そのような中でもあえて注意すべきケースを挙げるとすれば、以下の状況にある方がそれに該当します。免疫力が落ちる病気がある方(糖尿病肝硬変慢性腎臓病がんなど)、免疫抑制薬を服薬している方、日々のアルコール摂取量が多い方、ウイルス感染症にかかっている方(インフルエンザ水ぼうそうなど)、妊娠中あるいは出産直後である方などです。このような方を中心に、「我慢ができないような患部の強い痛みがある」、「患部の赤みや腫れに加えて、高熱や強いだるさなどの症状がある」、「患部が赤くなった後に赤紫〜黒みを帯びてきた、水ぶくれができた」といったような症状があればすぐに病院を受診することをお勧めします。


この病気でお困りの方

壊死性軟部組織感染症は致死率の高い疾患です。この病気で必要になり得るのが、重症化した場合の手足の切断手術です。菌が繁殖して壊死(細胞が死ぬこと)してしまった体の一部は、手術で取り除く以外の治療法がありません。抗生物質は助けにはなるのですが、手術を行わずに薬だけで治そうとして、手遅れになって命を落としてしまうような場合もあります。菌が全身に広がって、腎臓、肝臓、脳と様々な臓器を障害してしまうためです。このような事態を避けるために切断手術が行われます。

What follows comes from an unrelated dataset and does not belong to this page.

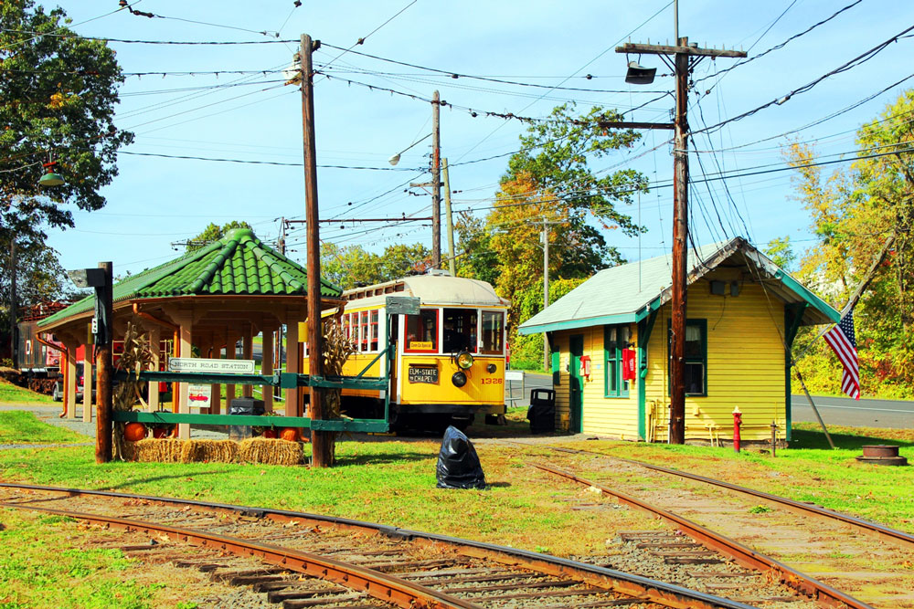 Another view of the North Road station area with Connecticut Company 1326 standing at the ‘Isle of Safety’. 1326 has been part of the collection since 1948 when it was withdrawn by the Connecticut Company having been in service since 1910.

もし主治医にそのような治療を提案された場合、おそらく誰しもがまずは他の治療法を望むことでしょう。手足を切断してしまえば後から再生させることはできませんし、不自由が伴うことは否めないからです。そのような場面でセカンドオピニオンを求めたり、別の病院での治療をお考えになることもあるかもしれません。しかし、手足の切断が必要な状況まで症状が進行してからでは、手術によって直接菌を取り除く以外の治療は今の医学では困難であるのが現状です。菌が骨や筋肉まで及んでいなければ、それ以外の部位(皮膚や脂肪)のみの切除で治療が行えて手足が残ることもあり得ます。しかし根本的には医療者の判断や技術というよりも菌の広がり具合が大勢を決めてしまうために、診断がつき次第早期に治療を開始することが重要な疾患です。